# Looking At Sob



## Gbadmc (Jun 14, 2009)

I recently found myself at an RV show - first mistake, then actually sitting down with a salesman - I'm in trouble. But seriously any advice would be welcome. I haven't committed yet.

The deal: Purchase a 2011 Dutchmen Kodiak 290 bhsl Show price 22,900 
Trade in my 2004 23rs for 7,500. Out the door taxes, tags, a few extras $17,000.

http://kodiak-rv.com/index.php?p=floorplans&model=290BHSL

Love the OB but the Kodiak has more room and that new rv shine. I'm a little concerned about the length but the weight seems good. Any one ever deal with Dutchman?

Thanks


----------



## jdpm (Apr 12, 2007)

You could probably get if from Holman or one of the other big wholesale type of dealers. I checked out their website for you - they have it in stock for less than $21k. Maybe sell you current rig on your own. At least use the Holman price to bargain/negotiate with your dealer. Suggest he match it and you pay $750 additional to make up for he shipping you'd have to pay Holman. Check the value of it against listings on craigslist and ebay. Just my 2 cents. Good luck, phillip 
http://www.holmanrv.com/inventory/100906/New-2011-Dutchmen-RV-Kodiak-290BHSL.aspx


----------



## CdnOutback (Apr 16, 2010)

The last TT we had was a Kodiak hybrid. I have found the workmanship in our Outback 5er to be better. Just my opinion...


----------



## PDX_Doug (Nov 16, 2004)

I noticed the photo of the outdoor kitchen and the floor plan do not match. Or are the refrigerator, sink and cabinets only accessible from the inside (doesn't really make sense)?

Happy Trails,
Doug


----------



## Gbadmc (Jun 14, 2009)

The unit has a small cube fridge in the outdoor cooking area. An access panel opens up, the 2 burner stove slides out and the fridge is on the left. On the inside there is a bunk above that space (4 bunks in the rear).
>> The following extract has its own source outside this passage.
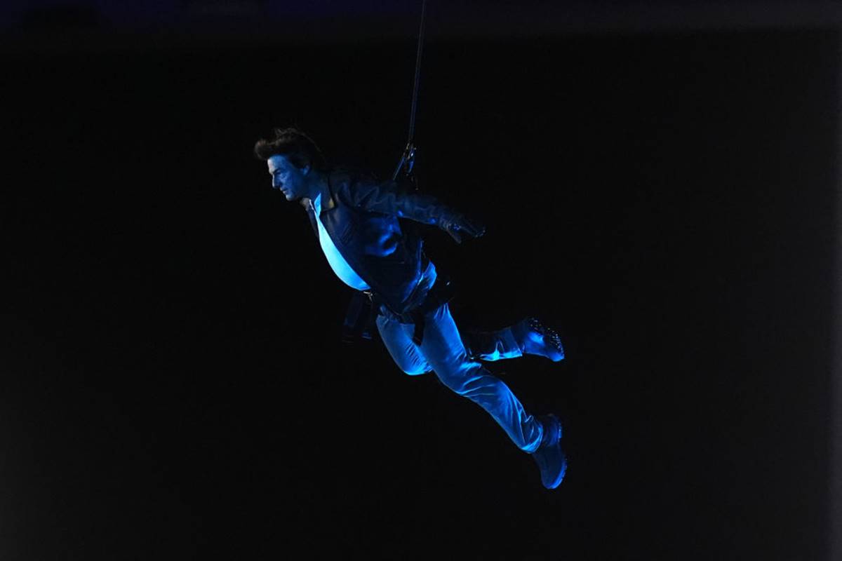 A trilha sonora do momento foi o tema de Missão Impossível, enquanto Cruise saltava preso a um cabo de aço e pousava no meio dos atletas. Em seguida, subiu ao palco onde a cantora H.E.R. se apresentava e recebeu a bandeira olímpica das mãos da prefeita de Los Angeles, Karen Bass.
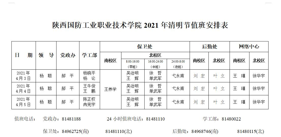 上一条:2021年五一劳动节值班安排下一条:2020-2021学年第二学期领导接待日值班表

The issue I am currently facing is where I could keep it. 35 ft spaces are hard to come by or very expensive in this area. Can anyone point out other issues I might have with a camper this long.

Thanks


----------



## daslobo777 (Mar 24, 2007)

We also looked at the 2011 Dutchmen Kodiak 290 BHSL when we were shopping for our SOB. That is a sweet TT. Our research of the Dutchman did not uncover any significant issues or owner unhappiness. We did not go with it though becasue it we too long/heavy to meet my requirements for the TV. You do not mention what your TV is? Be careful not to "fall in love" with a TT that to too long/heavy for your TV - in less you plan a TV upgrade - or you will regret it down the road - not to mention get into an unsafe situation.


----------



## Gbadmc (Jun 14, 2009)

The TV is a 2010 Nissan Titan, 4wd, crew cab w/ tow package.

The Numbers:
Titan
Max Towing 9300 GVWR 7200 Curb Weight 5300

Kodiak 290 BHSL

Dry Weight 5800 Loaded 7,000 (approx)

Current Set-up

23rs dry 4800 Loaded 6000 Over 5,000 miles towed w/o incident.
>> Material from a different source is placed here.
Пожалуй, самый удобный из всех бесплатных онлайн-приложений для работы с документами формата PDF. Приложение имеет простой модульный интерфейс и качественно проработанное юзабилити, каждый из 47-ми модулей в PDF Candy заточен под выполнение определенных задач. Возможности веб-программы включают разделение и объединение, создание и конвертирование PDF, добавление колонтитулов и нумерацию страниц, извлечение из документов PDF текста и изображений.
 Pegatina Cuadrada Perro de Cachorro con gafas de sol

I feel confident the Titan can handle the extra 1k lbs. My Previous TV was a Nissan Frontier and it towed the OB like a champ. Not so much on really big hills. When I'm hooked up I know I'm towing but the ride is really smooth and stable. Are there any flaws in my logic. I'm almost ready to commit - or should I be commited.

Thanks


----------



## tomE (Nov 22, 2010)

Your logic of loading the 29 with the same 'stuff' as your 23 is a good first step. But, if your trailer is anything like a house, 'stuff' will accumulate to fit the space available. I'd add another 500 lbs.
Given that, your 5300 lbs Nissan is pulling 7500 lbs. With hitch weight transfer of, oh say 700 lbs tongue weight 6000 lb Nissan is pulling 6800 lbs. Maybe not a big deal - will leave others to comment but the tail pulling the dog comes to mind.
Can you have the dealer load up the all the tanks with water to simulate a semi-loaded condition and take it for a good LONG drive. Find few hills, cross winds, etc. Guaranteed you'll feel a difference. But, better to know going into the deal.
Trade in's suck. Put an add in Craig's list or RV trader, see what response you get. You're in NY, maybe wait until the snow and ice thaws.
tomE


----------



## KTMRacer (Jun 28, 2010)

Gbadmc said:


> The unit has a small cube fridge in the outdoor cooking area. An access panel opens up, the 2 burner stove slides out and the fridge is on the left. On the inside there is a bunk above that space (4 bunks in the rear).
> 
> The issue I am currently facing is where I could keep it. 35 ft spaces are hard to come by or very expensive in this area. Can anyone point out other issues I might have with a camper this long.
> 
> Thanks


Our 295RE is 35+ ft overall, almost 60' combined. The only issue for us is being careful about older state and FS campgrounds. I check beforehand to make sure (a) there is a pad long enought to hold the trailer and truck and (







making sure I can actually navigate into the campground with the sharp turns in some of the older CG's. We were at one campground this fall where the ranger strongly advised us to go backwards (wrong way) into the campground to get to and into our site. Good thing we followed his advice.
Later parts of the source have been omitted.